Rawaaopakonsel.ac.id, Makassar – Sebanyak tujuh perguruan tinggi lintas provinsi dan lintas pulau menyatukan sinergi dalam Seminar dan Lokakarya (Semiloka) Nasional Kemitraan Perguruan Tinggi yang digelar di Makassar pada 16–17 Juni 2026.
Forum strategis ini berhasil diselenggarakan sebagai langkah konkret dalam memetakan potensi kegiatan kolaboratif untuk satu semester ke depan.
Kegiatan akbar ini diinisiasi dalam rangka penguatan kapasitas kelembagaan, di mana setiap institusi berkomitmen untuk saling memperkuat satu sama lain demi mencapai predikat perguruan tinggi unggul. Wakil Rektor Bidang Perencanaan, Keuangan, dan Kepegawaian Institut Agama Islam (IAI) Rawa Aopa Konawe Selatan, Ismail Suardi Wekke, menyatakan bahwa kolaborasi ini merupakan momentum krusial bagi perguruan tinggi daerah untuk melompat lebih tinggi.
Menurutnya, era kompetisi yang kaku sudah harus digantikan dengan era kerja sama yang inklusif demi kemajuan bersama.
“Kita tidak bisa lagi berjalan sendiri-sendiri di tengah tuntutan global yang semakin kompleks. Kolaborasi lintas pulau ini adalah kunci untuk saling melengkapi kekurangan dan melejitkan potensi yang kita miliki,” ujar Ismail di sela-sela kegiatan.
Selama dua hari pelaksanaan, delegasi dari tujuh kampus secara intensif menyusun cetak biru (blueprint) program kerja bersama. Ismail menjelaskan bahwa pertemuan di Makassar ini tidak hanya menghasilkan kesepakatan di atas kertas, melainkan langsung menghasilkan rencana aksi nyata yang akan dieksekusi sepanjang enam bulan ke depan.

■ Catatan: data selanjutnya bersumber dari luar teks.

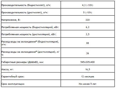 - Встроенный охладитель для получения бидистиллята с температурой не более +40°С.
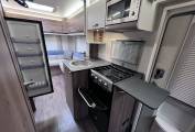 To the right of the entrance door is the well equipped kitchen consisting of a Three Burner Hob, and Oven/Grill, a Sink with removable drainer and chopping board, a Microwave Oven and a tall slimline Dometic Fridge.
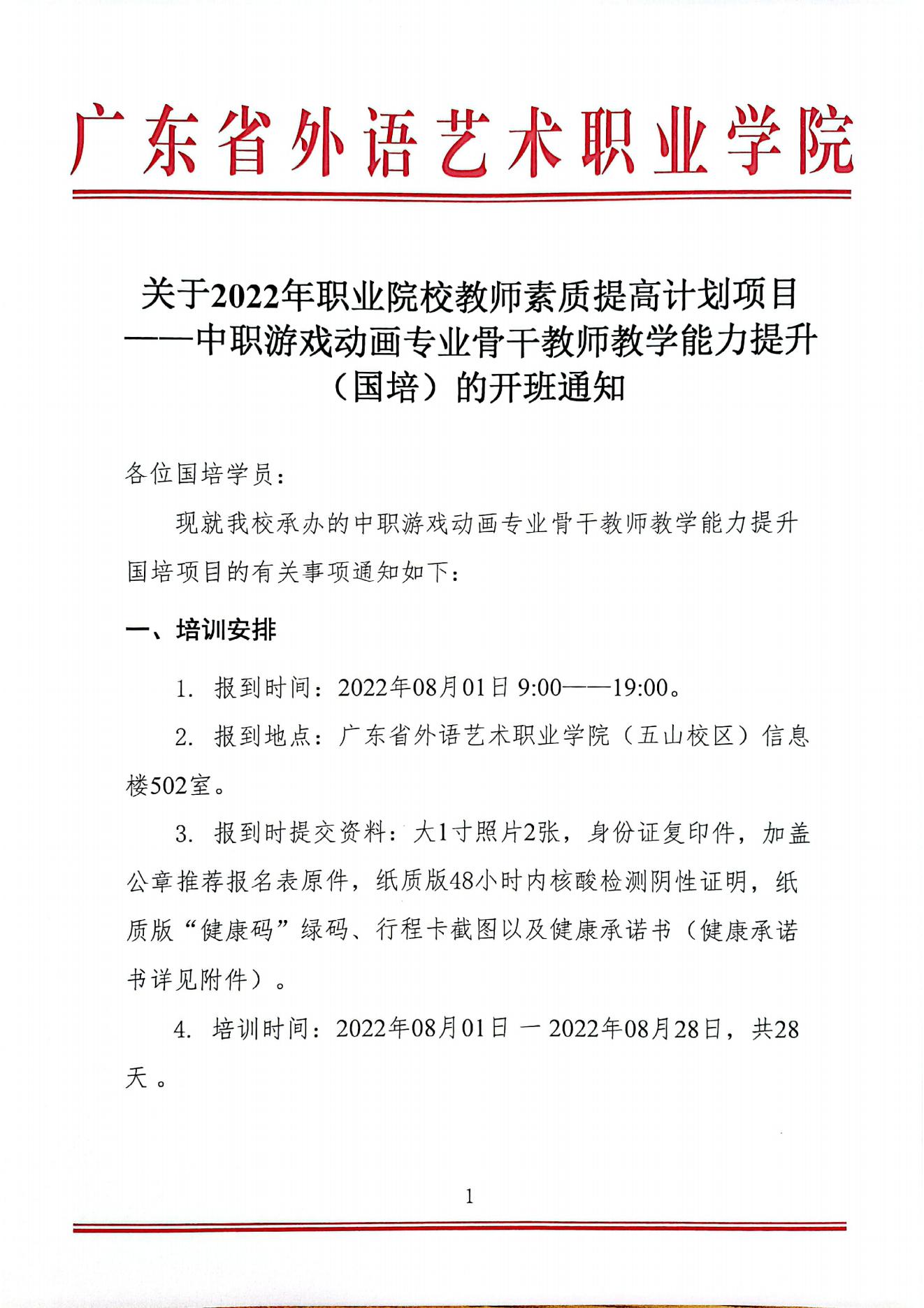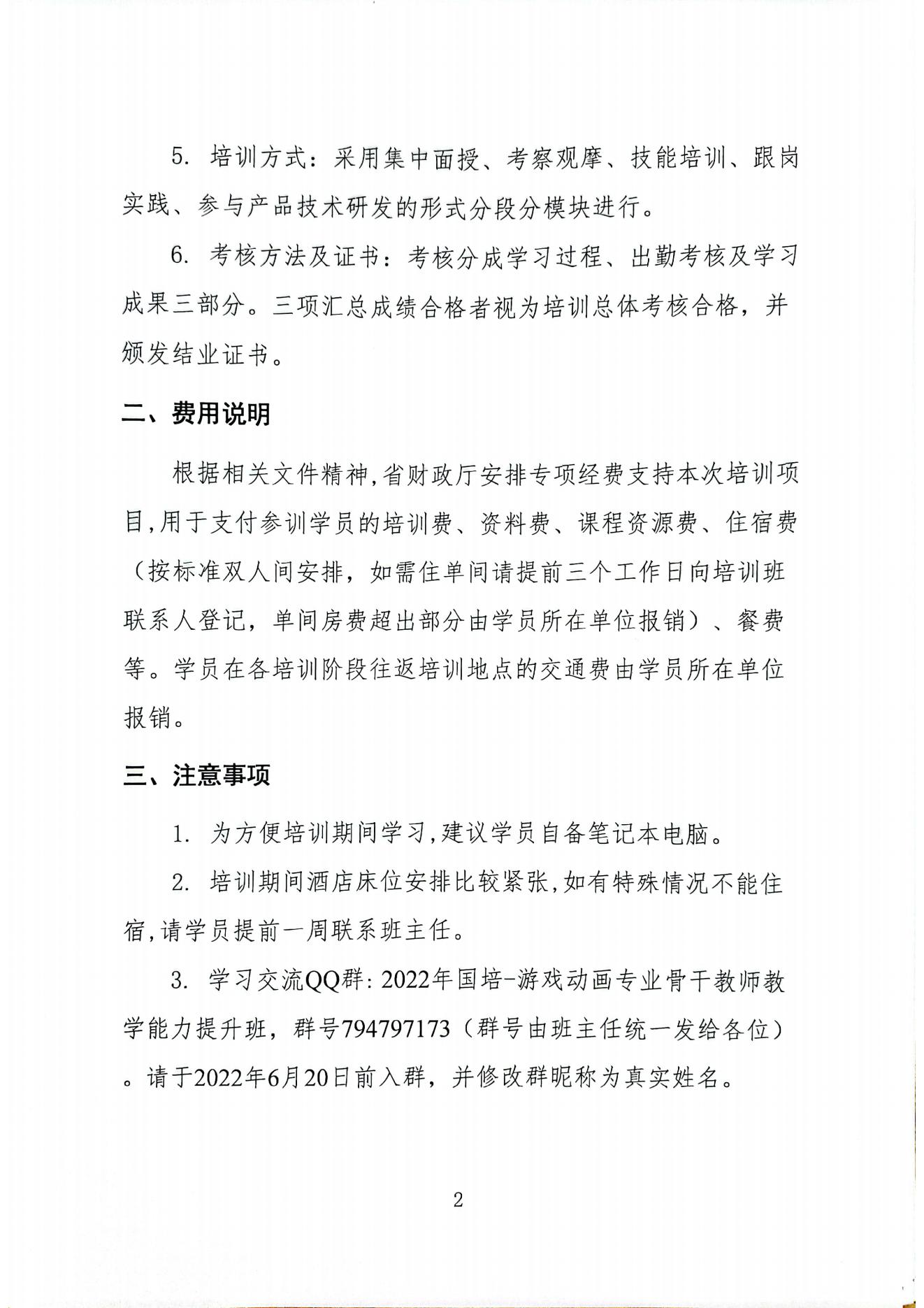 关于2022年职业院校教师素质提高计划项目 ——中职游戏动画专业骨干教师教学能力提升 (国培)的开班通知

Ia menambahkan bahwa fokus utama dalam satu semester mendatang adalah pertukaran dosen, kolaborasi riset nasional, hingga pengabdian masyarakat berbasis lintas budaya. Sinergi ini diharapkan mampu memberikan dampak langsung baik bagi mahasiswa maupun masyarakat luas.
“Kami berkumpul di sini dengan target yang jelas. Pertemuan ini berhasil memetakan agenda kerja konkret untuk satu semester ke depan, sehingga setelah dari Makassar, kita langsung tancap gas beraksi,” tegas Ismail.
Semiloka ini menjadi bukti nyata bahwa sekat geografis bukan lagi penghalang untuk maju bersama. Melalui pembagian sumber daya dan keahlian antar-perguruan tinggi, akselerasi mutu pendidikan tinggi di Indonesia diharapkan dapat berjalan lebih merata.
Ismail menegaskan bahwa muara dari seluruh rangkaian kerja sama lintas provinsi ini adalah peningkatan akreditasi dan kapasitas institusi menuju kampus yang unggul. Ia meyakini, dengan saling menopang, perguruan tinggi yang berada di daerah pun mampu bersaing di level nasional maupun internasional.
“Tujuan akhir kita sangat jelas, yaitu penguatan kapasitas bersama guna melahirkan perguruan tinggi yang unggul dan berdaya saing tinggi,” pungkasnya optimis.